= Rebels and Traitors =

Historical novel by Lindsey Davis set during the English Civil War

First edition (publ. Century)

Rebels and Traitors by British historical novelist Lindsey Davis (best known for her Marcus Didius Falco series) was published by Random House in September 2009 (ISBN 9781846056321). In contrast to the ancient Roman setting of the Falco books and Course of Honour, this book is set in the English Civil War period of the 17th century. At 742 pages it is substantially longer than her previous novels.

The prologue takes place on 30 January 1649 at the execution of King Charles I at the Palace of Whitehall, London. The main body of the book then begins in 1634, and the endpaper blurb describes the book as being set in Birmingham, where the author was born, Oxford, where she studied, and London, where she now lives.

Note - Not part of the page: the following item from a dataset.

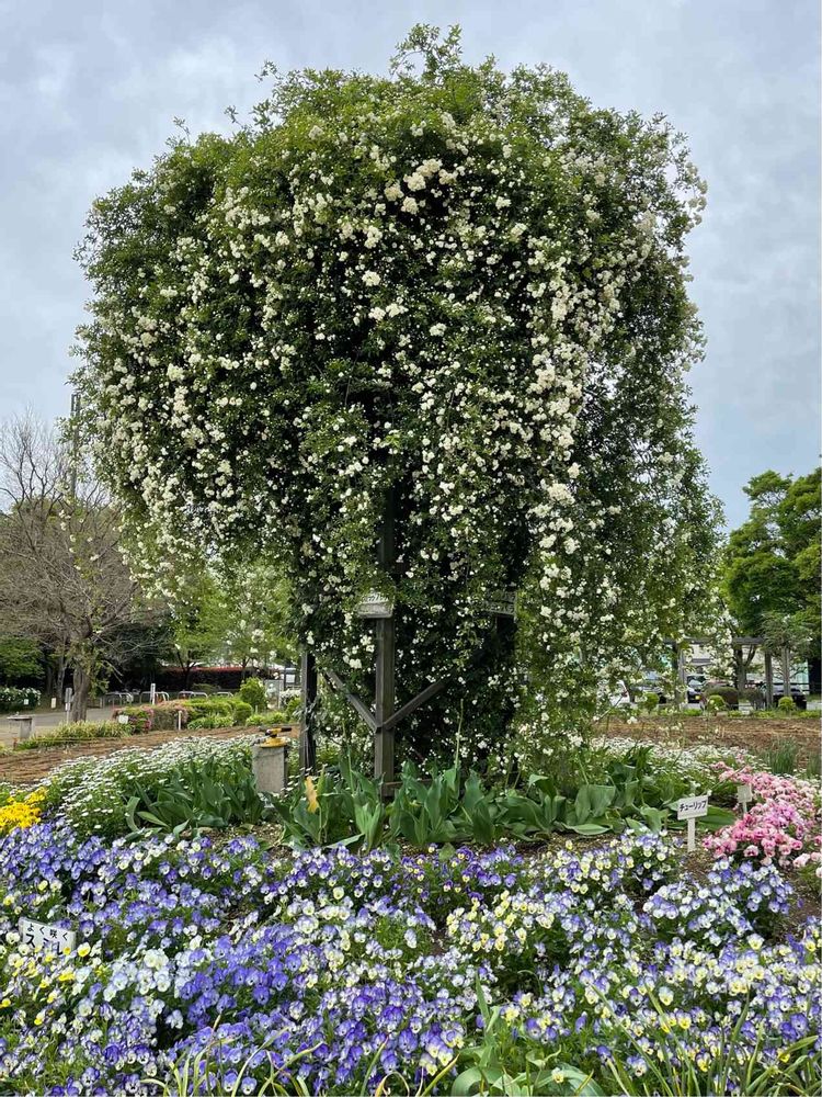 大きなオベリスク、シロモッコウバラは1本なのでしょうかね〜すごい迫力ですよ😳

Davis has said that her interest in this period goes back to when a print of the Laughing Cavalier by Frans Hals hung in her primary school classroom, and was further developed when she read Rosemary Sutcliff's novels Simon and The Rider of the White Horse.

==Dedication==
The dedication is "For Richard / dearest and closest of friends / your favourite book / in memory", and the author's website tells that "I am still getting used to life without my dear Richard. For those of you who haven't seen this before, he died in October [2008]". The author says in her publisher's newsletter: "The greatest recommendation I can give is that Richard, its first reader, thought it wonderful. He devoured chunks, demanding ‘Bring
more story!’ even when he was in hospital. One of the last things I was ever able to tell him was that Rebels and Traitors was to be published by Random House, so I would be working with dear friends for his favourite book."

==Plot summary==
The story follows the experiences of two main protagonists: Gideon Jukes, a printer from London who joins the New Model Army, and Juliana Carlill, who, as a result of her marriage to the Royalist Orlando Lovell, experiences many vicissitudes. Their stories are linked through the activities of other characters, including the ne'er-do-well Kinchin Tew, the innocent and upright Edmund Treves, and real-life political figures such as Edward Sexby and Thomas Rainborough.